The Portable Executable (PE) format is a file format for executables, object code, DLLs and others used in 32-bit and 64-bit versions of Windows operating systems. The PE format is a data structure that encapsulates the information necessary for the Windows OS loader to manage the wrapped executable code. This includes dynamic library references for linking, API export and import tables, resource management data and thread-local storage (TLS) data. On NT operating systems, the PE format is used for EXE, DLL, SYS (device driver), MUI and other file types. The Unified Extensible Firmware Interface (UEFI) specification states that PE is the standard executable format in EFI environments.

On Windows NT operating systems, PE currently supports the x86-32, x86-64 (AMD64/Intel 64), IA-64, ARM and ARM64 instruction set architectures (ISAs). Prior to Windows 2000, Windows NT (and thus PE) supported the MIPS, Alpha, and PowerPC ISAs. Because PE is used on Windows CE, it continues to support several variants of the MIPS, ARM (including Thumb), and SuperH ISAs.

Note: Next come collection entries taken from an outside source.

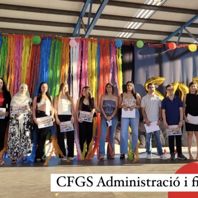 -Família d’Administració i Gestió: del CFGM de Gestió Administrativa la Eva Solanes Queralt de 2n i el Xavier Àvila Alcaina de 1r. Del CFGS d’Administració i Finances, Laia Gatell Guillemat de 2n i Eudald Forès Civit de 1r.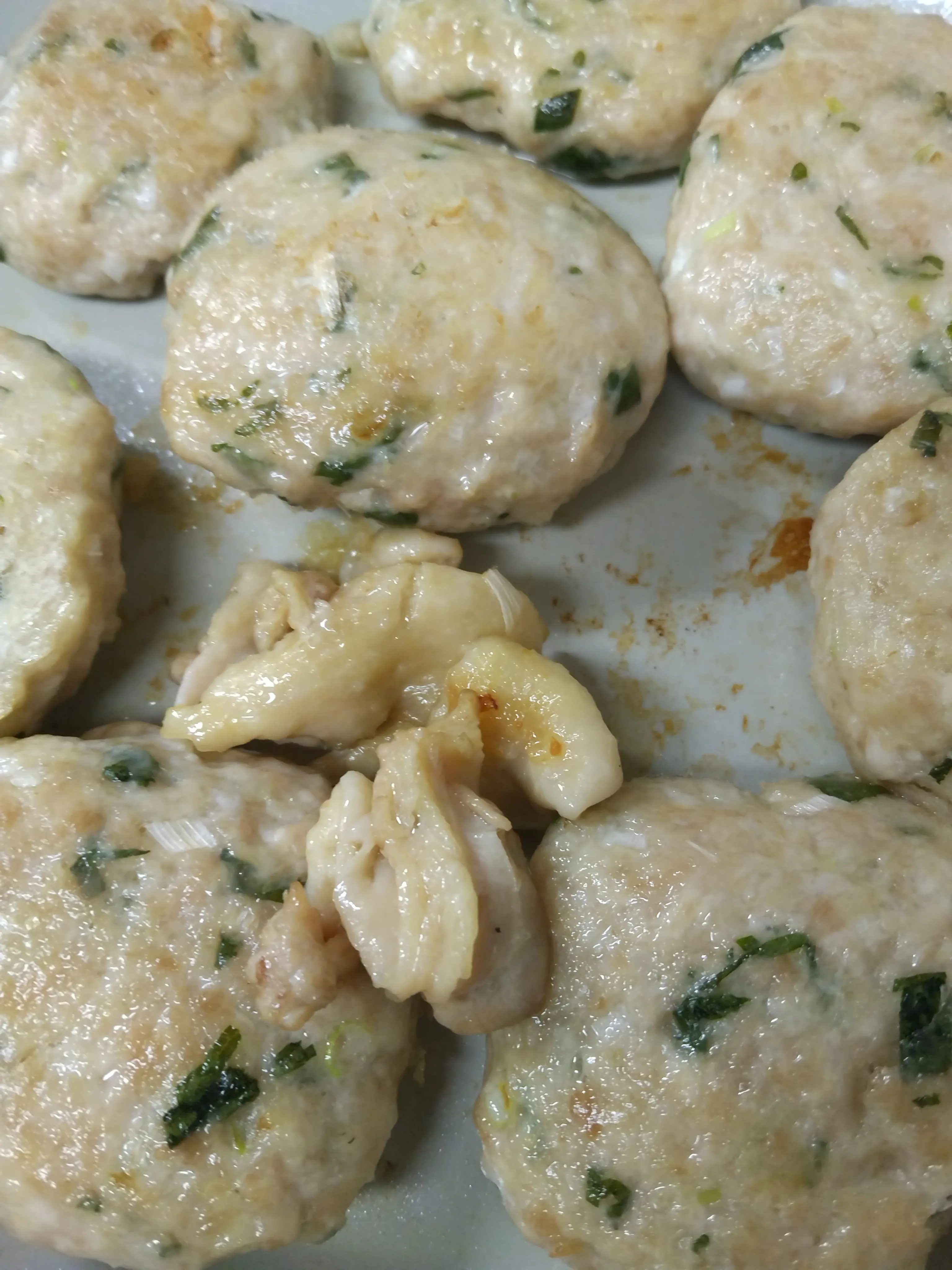 大葉入りつくね(よだれ鶏て切り取った脂と皮で焼きました😽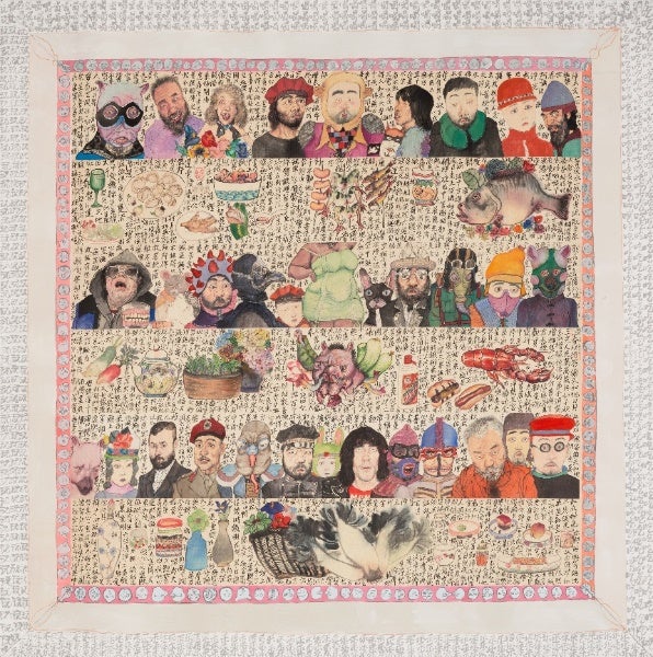 Li Jin is widely known for depicting themes of food and sensuality in contemporary life, using bright and rich colors with delicate brushwork. One of the highlights of this exhibition is The Heart Sutra, which took nearly a year to create and depicts a whimsical banquet scene. At the center of the painting is a voluptuous female body, a recurring theme in Li Jin's works, representing humanity's inescapable physical nature and innate desires. Surrounding the scene are various characters, including the German social theorist Max Weber, Sean Connery as James Bond from the film '007,' and a diverse array of ordinary people Li Jin encountered on the streets of Osaka, New York, and Berlin. There are also masked people and animals, as well as at least eight self-portraits of the artist himself, each embodying different roles, such as a Norman soldier, an Elizabethan merchant, a Brooklyn hippie, a drunken skiing accident victim, a disgruntled artist, and an Edwardian chauffeur. Displayed in the banquet are endless delicacies and fine wines from different countries. Interspersed among the indulgence in food and drink are texts from Buddhist scriptures and chants. Reciting or copying these texts, as Li Jin does, is a process of repentance, accumulating merit to offset the obsessions and sins of life.

Analogous formats to PE are ELF (used in Linux and most other versions of Unix) and Mach-O (used in macOS and iOS).

History 

Microsoft migrated to the PE format from the 16-bit NE formats with the introduction of the Windows NT 3.1 operating system. All later versions of Windows, including Windows 95/98/ME and the Win32s addition to Windows 3.1x, support the file structure. The format has retained limited legacy support to bridge the gap between DOS-based and NT systems. For example, PE/COFF headers still include a DOS executable program, which is by default a DOS stub that displays a message like "This program cannot be run in DOS mode" (or similar), though it can be a full-fledged DOS version of the program (a later notable case being the Windows 98 SE installer). This constitutes a form of fat binary. PE also continues to serve the changing Windows platform. Some extensions include the .NET PE format (see below), a version with 64-bit address space support called PE32+, and a specification for Windows CE.

Technical details

Layout

A PE file consists of a number of headers and sections that tell the dynamic linker how to map the file into memory. An executable image consists of several different regions, each of which require different memory protection; so the start of each section must be aligned to a page boundary. For instance, typically the .text section (which holds program code) is mapped as execute/read-only, and the .data section (holding global variables) is mapped as no-execute/read write. However, to avoid wasting space, the different sections are not page aligned on disk. Part of the job of the dynamic linker is to map each section to memory  individually and assign the correct permissions to the resulting regions, according to the instructions found in the headers.

Import table
One section of note is the import address table (IAT), which is used as a lookup table when the application is calling a function in a different module. It can be in the form of both import by ordinal and import by name. Because a compiled program cannot know the memory location of the libraries it depends upon, an indirect jump is required whenever an API call is made.  As the dynamic linker loads modules and joins them together, it writes actual addresses into the IAT slots, so that they point to the memory locations of the corresponding library functions.  Though this adds an extra jump over the cost of an intra-module call resulting in a performance penalty, it provides a key benefit: The number of memory pages that need to be copy-on-write changed by the loader is minimized, saving memory and disk I/O time. If the compiler knows ahead of time that a call will be inter-module (via a dllimport attribute) it can produce more optimized code that simply results in an indirect call opcode.

Relocations

PE files normally do not contain position-independent code. Instead they are compiled to a preferred base address, and all addresses emitted by the compiler/linker are fixed ahead of time. If a PE file cannot be loaded at its preferred address (because it's already taken by something else), the operating system will rebase it. This involves recalculating every absolute address and modifying the code to use the new values. The loader does this by comparing the preferred and actual load addresses, and calculating a delta value. This is then added to the preferred address to come up with the new address of the memory location.  Base relocations are stored in a list and added, as needed, to an existing memory location. The resulting code is now private to the process and no longer shareable, so many of the memory saving benefits of DLLs are lost in this scenario. It also slows down loading of the module significantly. For this reason rebasing is to be avoided wherever possible, and the DLLs shipped by Microsoft have base addresses pre-computed so as not to overlap. In the no rebase case PE therefore has the advantage of very efficient code, but in the presence of rebasing the memory usage hit can be expensive. This contrasts with ELF which uses fully position-independent code and a global offset table, which trades off execution time in favor of lower memory usage.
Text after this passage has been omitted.